Ethan took a delicate sip of his tea. “Were you merely being petty and tyrannical then, when you turned the little thugs and perverts of Stoneham loose on me?”

“Perverts.” The earl tasted the word, found it foul. “Interesting choice. I’d discovered you asleep in Nicholas’s bed just the night before, and not for the first time.”

“Of course I was in his bed,” Ethan scoffed, “or he was in mine. How else were we to stay up half the night whispering without waking the younger boys?”

Ethan’s anger swam much, much closer to the surface, so close the earl perceived that the frigid cool in Ethan’s eyes was not impatience, annoyance, nor anything else half so tame.
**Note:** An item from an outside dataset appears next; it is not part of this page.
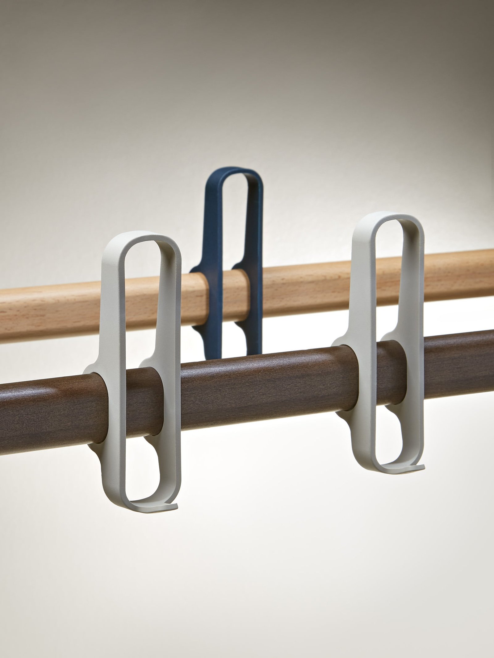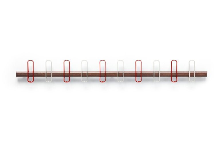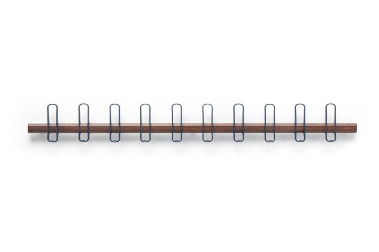 Wall hanger in beech and walnut wood composed of 3, 5 and 10 hangers in injected polyamide with 15% fiberglass and donkey with gray lacquered aluminum base.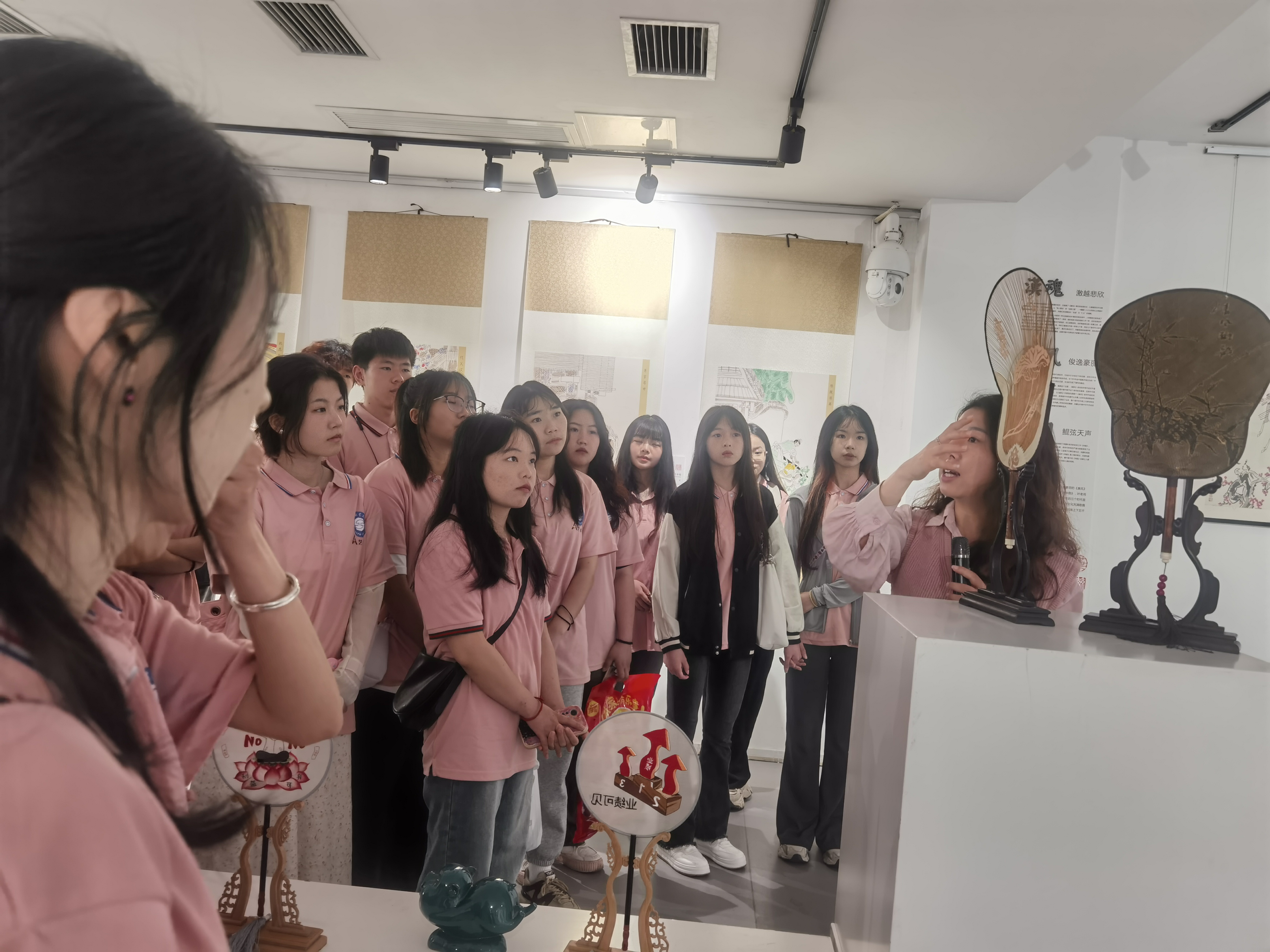 作为艺术系师生,更是对本土非遗文化兴趣浓厚,研学中了解到高槐村引进四川省非物质文化遗产“德阳潮扇”,新建传承基地和文化设计工作室,并开展以潮扇为代表的小工艺品制作体验等文创项目10余项,充分结合艺术和乡村,打造“旌韵高槐”,不少同学表示期望寻找机会学习交流传统技艺。

A betrayed boy yet lurked in the man who’d come to call. A devastated, betrayed boy.

“I comprehend now, Ethan, that you and Nick remained innocent of the most lamentable adolescent behaviors. It took some time, Della’s incessant carping, and raising several more boys before I understood my mistake. By then, you were no longer speaking to any of us, save Della, and things turned out for the best.”

Ethan took another measured sip of his tea, then another, clearly trying to absorb the explanation the earl offered, but no doubt stumbling over the emotional enormity of the wrong done him, and not for the first time.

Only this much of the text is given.